El gran problema de Maléfica no era tanto su intención de establecer una reescritura de la villana de La bella durmiente, convirtiéndola más en un personaje maldito que en uno deliberadamente malvado, como la forma en que lo llevaba a cabo: con giros abruptos y arbitrarios, que llevaban a la protagonista a ser apenas un instrumento del guión, una suma de gestualidades superficiales en función del carisma –escaso por cierto- que aportaba Angelina Jolie. Era una película que arrancaba con un imaginario completo al cual se dedicaba a vaciarlo hasta convertirlo en una mera cáscara, continuando ese proceso que ya se venía insinuando en Alicia en el País de las Maravillas y que ya se ve consolidado en reversiones recientes de famosos relatos de Disney, como El rey león. De ahí que fuera válido preguntarse por el sentido de realizar una continuación para una estructura narrativa que ya se había saboteado a sí misma en la primera parte.

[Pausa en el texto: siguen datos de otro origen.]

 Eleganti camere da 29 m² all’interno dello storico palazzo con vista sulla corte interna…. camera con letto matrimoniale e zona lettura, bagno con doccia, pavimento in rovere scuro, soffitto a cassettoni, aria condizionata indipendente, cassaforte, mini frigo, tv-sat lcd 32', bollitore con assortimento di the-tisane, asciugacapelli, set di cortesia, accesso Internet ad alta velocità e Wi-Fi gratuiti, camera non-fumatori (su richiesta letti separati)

Lo cierto es que Maléfica: dueña del mal está muy lejos de responder a ese interrogante, por más que se esfuerce bastante por plantear nuevos conflictos y obstáculos. Ahí tenemos a Aurora (Elle Fanning), la ahijada de Maléfica, decidiendo casarse con Philip, el Príncipe del reino cercano, lo cual crea tensiones por varias vías: si su madrina se muestra cuando menos escéptica, la madre de Philip, la Reina Ingrith (Michelle Pfeiffer), tiene sus propios planes, que involucran unos cuantos engaños y manipulaciones. A eso se irá sumando la irrupción de una nueva galería de personajes emparentados con Maléfica y que pretende ir delineando un enfrentamiento entre dos mundos aparentemente opuestos: el de los humanos y el de las criaturas mágicas y mitológicas. Claro que esa interacción entre los cruces familiares/personales/íntimos y la lectura seudo social que se quiere ir hilvanando tarda bastante en establecerse, con unos primeros minutos entre indecisos e incómodos.

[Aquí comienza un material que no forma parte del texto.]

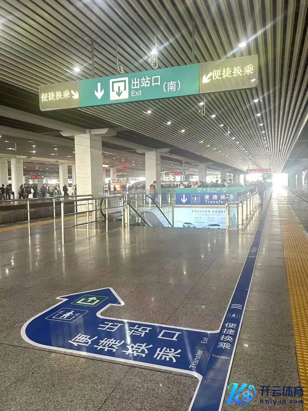 收支站更浮浅啦!为了给进站的搭客提供更直不雅、更严防标导向,广州南站在出站口增设了蓝色线条,蓝线等于搭车指引线,表明了搭客乘坐高铁、换乘地铁的道路。搭客阐发大地上的箭头标的的指令,就能快速选用我方进站大略换乘的道路。

Cuando el film consigue dejar en claro las fuerzas en oposición, el relato cobra algo de dinamismo, lo cual no implica vitalidad, energía y menos aún empatía. En Maléfica: dueña del mal no hay una verdadera conflictividad, tampoco un crecimiento o aprendizaje con el que el espectador pueda identificarse. A lo que se asiste es a una mera acumulación de datos que rara vez pasan de lo técnico: el director Joachim Rønning solo se dedica a filmar el guión y jamás intenta darle un diseño mínimamente personal a lo que cuenta, como si estuviera llevando a cabo un mero trámite administrativo. Por eso en la película pasan cosas, pero nunca le pasan realmente a los personajes y menos aún al espectador.

A lo sumo, Maléfica: dueña del mal procura utilizar al personaje de Pfeiffer para reflexionar un poco sobre la materialidad de los cuentos, la forma en que interviene la oralidad para crear esos conjuntos de sentidos que son los mitos y leyendas. Pero no pasa de un esbozo reflexivo, un par de líneas de diálogos que explican brevemente el accionar de una antagonista e insinúan un film que nunca llega realmente a concretarse. Lo que pareciera importar más es el desfile de efectos especiales, las toneladas de maquillaje y bellos vestuarios, como si el film solo estuviera interesado en una espectacularidad audiovisual que, de tan vacua, termina aburriendo.

En verdad no hay nada real en Maléfica: dueña del mal. Cuando hablamos de “real”, no es en términos de realismo, porque sabemos que estamos ante un cuento de hadas situado en un universo que no existe más allá del campo puramente narrativo. A lo que nos referimos es a esa humanidad de los personajes que llevan a que los sintamos como reales porque sus conflictos no interpelan mínimamente. Acá no hay nada de eso, solo otra cáscara sin nada adentro, que confirma parte de esos prejuicios que pintan a Disney como una máquina impersonal solo interesada en generar nuevas formas de contar billetes.